Pour les acheteurs et les ingénieurs de procédés, la voie commerciale la plus sûre est simple : n'achetez pas 214 pour le service de l'acide sulfurique simplement parce qu'il s'agit d'un alliage de nickel de première qualité. Achetez-le lorsque le service est véritablement aligné sur sa métallurgie axée sur l'oxydation. Pour l'acide sulfurique, demandez un examen spécifique de la chimie, des références publiées sur la corrosion lorsqu'elles sont disponibles, et des essais sur coupons avant la mise sur le marché.
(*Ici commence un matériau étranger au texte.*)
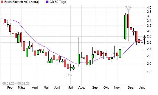 Mit dem Rücksetzer auf 2,70 EUR hat die BRAIN Biotech AG-Aktie am 08.01.2026 die 50-Tage-Linie nach unten gekreuzt.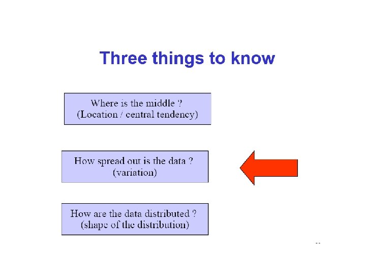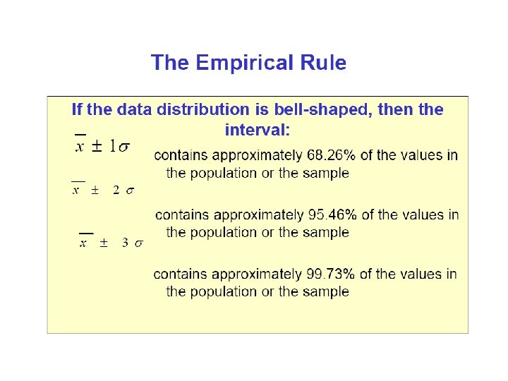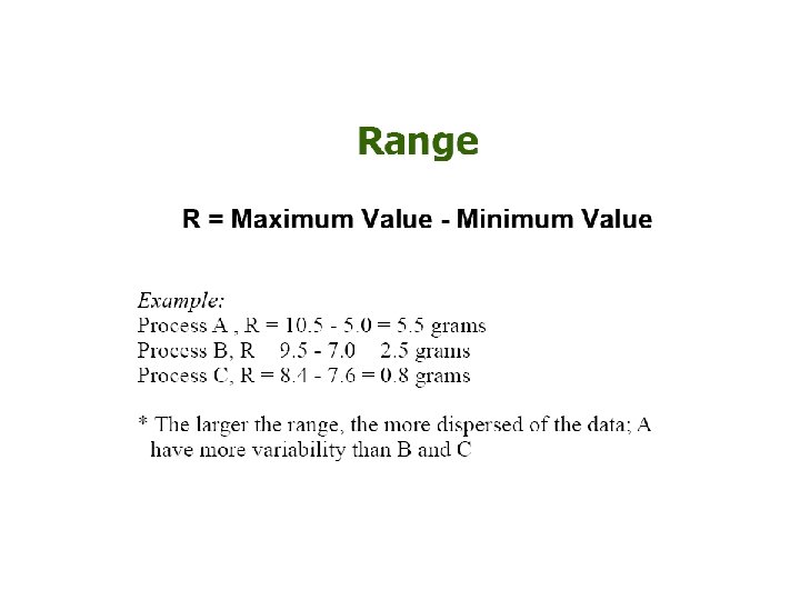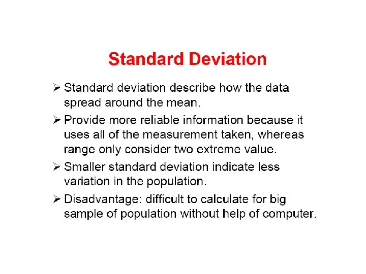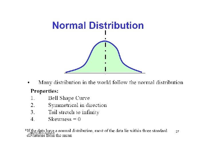 Descriptive Statistics include: The Mean- measure of central tendency The Range- difference between largest/smallest observations in a set of data Standard Deviation- measures the amount of data dispersion around mean – Measure of dispersion Distribution of Data shape § Normal or bell shaped or § Skewed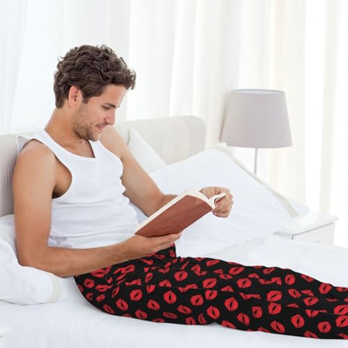 Sexy Red Lips Kiss Print Men'S Pajama Pants Soft Sleep Lounge Pants With Pockets- 4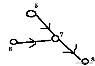 最后!!我们把容器中的点5,6删除,加入入度为0的点7,再取出点7,删除点8的一个入度。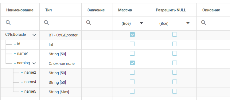 где naming - имя сложного поля массив внутри массива.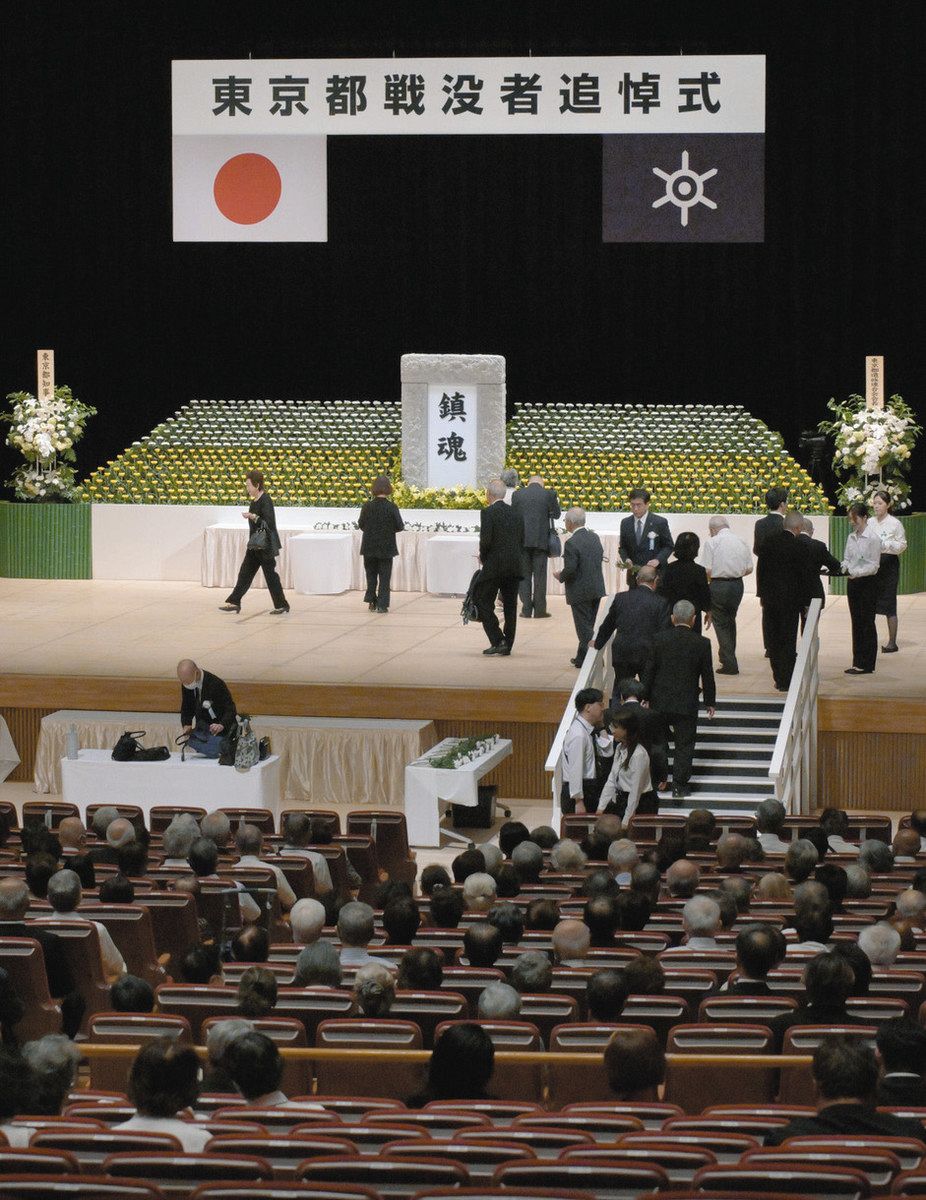終戦の日の15日、東京都と都遺族連合会が主催する戦没者追悼式が文京区の文京シビックホールで行われた。参列した遺族ら381人は戦死者らに思いをはせつつ、今もウクライナやパレスチナで続く戦争への憤りも語った。都によると、都に関係する戦没者は16万人余り。(原田遼)

Si vous le souhaitez, l'équipe technique de 28Nickel peut vous aider à sélectionner la fenêtre de service et à réduire la liste des candidats avant que vous ne vous engagiez sur le stock ou la fabrication.
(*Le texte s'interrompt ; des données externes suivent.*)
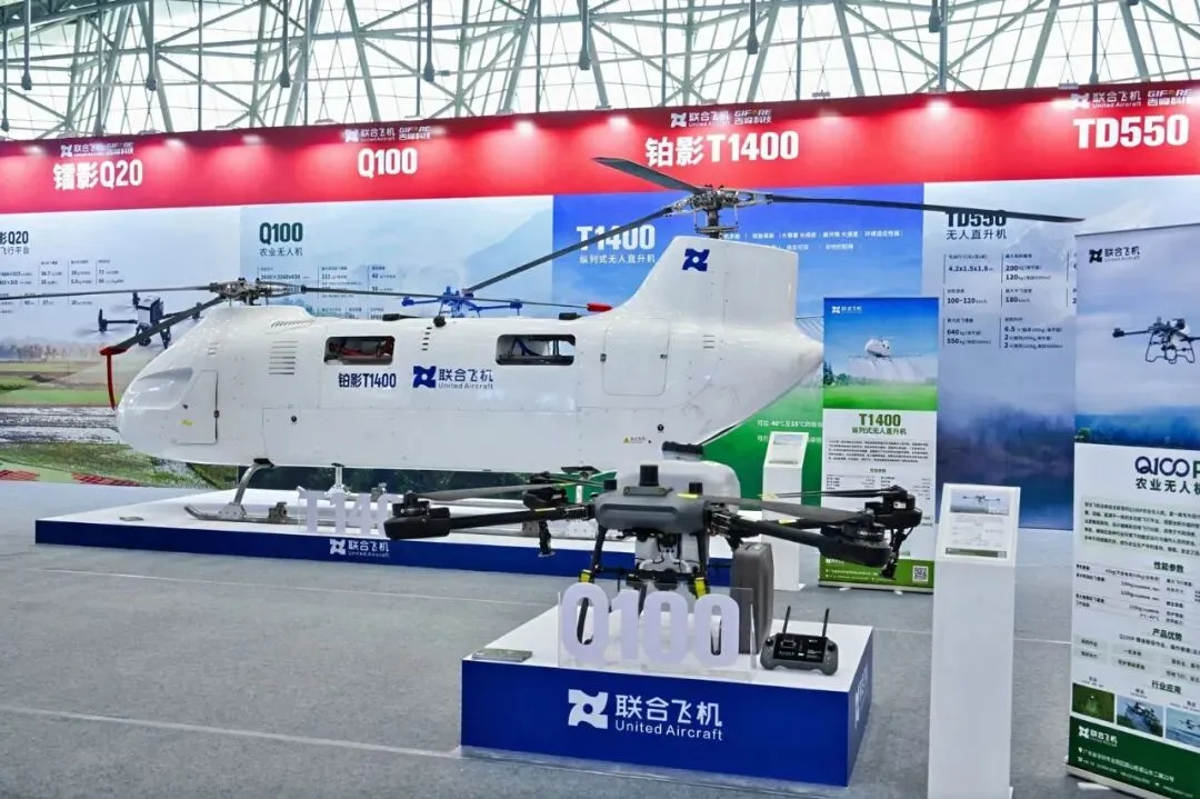 联合飞机(United Aircraft)带来铂影T1400纵列式无人直升机与Q100P农业无人机,将农耕精度控制在厘米级别,让“看天吃饭”正让位于“知天而作”。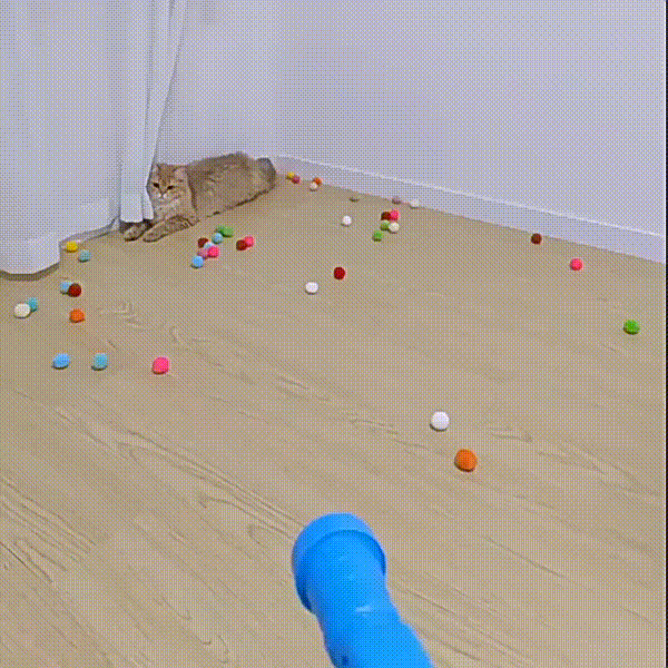 Пистолетът за топки е лесен за използване – просто издърпайте лоста, заредете топката и натиснете бутона, за да я изстреляте. Подходяща за игра на закрито, тя осигурява безкрайно забавление за вашата котка, дори когато не сте наблизо.

Questions et réponses connexes

1) HAYNES 214 convient-il pour l'acide sulfurique dilué à température ambiante ?

C'est peut-être possible dans certains cas bénins et bien contrôlés, mais je n'en ferais pas un choix par défaut parce que la littérature officielle 214 examinée ne publie pas de données sur la corrosion par l'acide sulfurique, alors que les directives relatives à l'acide sulfurique orientent plutôt les ingénieurs vers des alliages de corrosion contenant du Mo.
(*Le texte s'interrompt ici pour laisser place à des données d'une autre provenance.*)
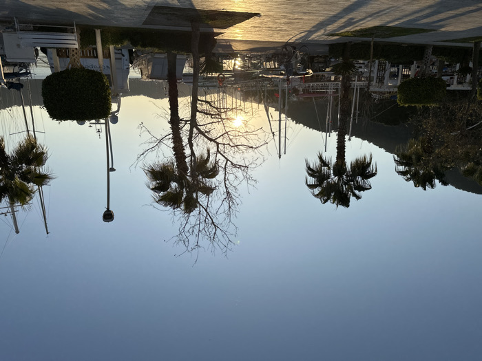 The image depicts a sunset scene along a marina in Fethiye, Turkey. The sun, partially obscured by a bare tree and boat masts, is low on the horizon, casting a golden glow on the water and a paved walkway, resulting in long, dark shadows. The sky above is clear and light blue. In the foreground, a wide, light-colored paved walkway extends horizontally across the frame. To the left of the walkway, decorative white arbors and manicured bushes are visible. A prominent palm tree stands to the left, and another, along with a bare deciduous tree, is centrally located. On the right, a white park bench is situated next to a round, manicured green bush. A tall street lamp with a spherical fixture rises in the mid-right. The midground and background feature a marina with numerous boats of varying sizes docked in the calm water. Sailboats with tall masts are visible throughout the marina, along with several motor yachts, including one with a white hull and superstructure partially visible on the right. Beyond the marina, a range of hills or mountains covered in vegetation forms the distant background, silhouetted against the sky. One individual on a bicycle is observed in the mid-left, riding along the paved walkway towards the right, their silhouette distinct against the sunlit water.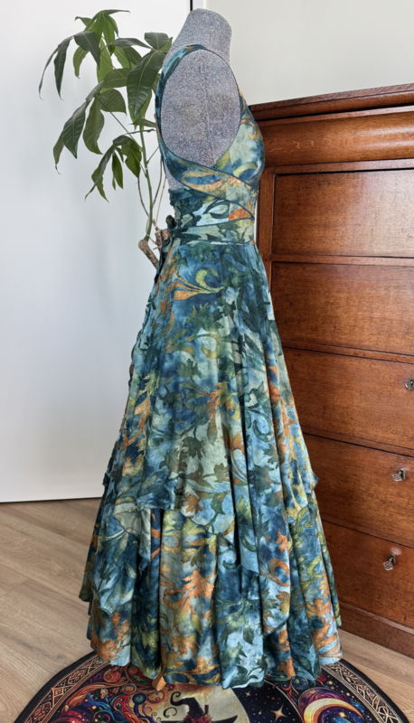 Met de lange rok ruche onder het jurkje heeft het als set een feestelijke uitstraling. Los van elkaar kan het ook zeer goed casual gedragen worden.

2) Pourquoi une excellente résistance à l'oxydation n'est-elle pas suffisante pour l'utilisation d'acide sulfurique ?

La résistance à l'oxydation à haute température et la résistance aux acides aqueux ne posent pas le même problème de sélection. La résistance à l'oxydation à haute température (214) a été conçue en fonction du comportement à haute température de l'alumine, alors que les directives relatives à l'acide sulfurique mettent l'accent sur le rôle du molybdène, du chrome, des impuretés et des effets de la concentration et de la température dans la corrosion par voie humide.

3) Quels alliages sont de meilleurs points de départ que le HAYNES 214 pour l'acide sulfurique ?

Les points de départ les plus solides sont généralement l'alliage 825 pour les acides sulfuriques, l'alliage 22 pour les conditions mixtes d'oxydation et de réduction, et les familles Ni-Mo ou Ni-Cr-Mo telles que B-3, C-276 ou HYBRID-BC1 lorsque l'environnement est plus agressif. Le choix final dépend encore de la chimie exacte du processus.

Partager l'article :

Articles connexes

Ce titre attire l'attention des visiteurs

Une courte description présentant votre entreprise et les services offerts aux visiteurs.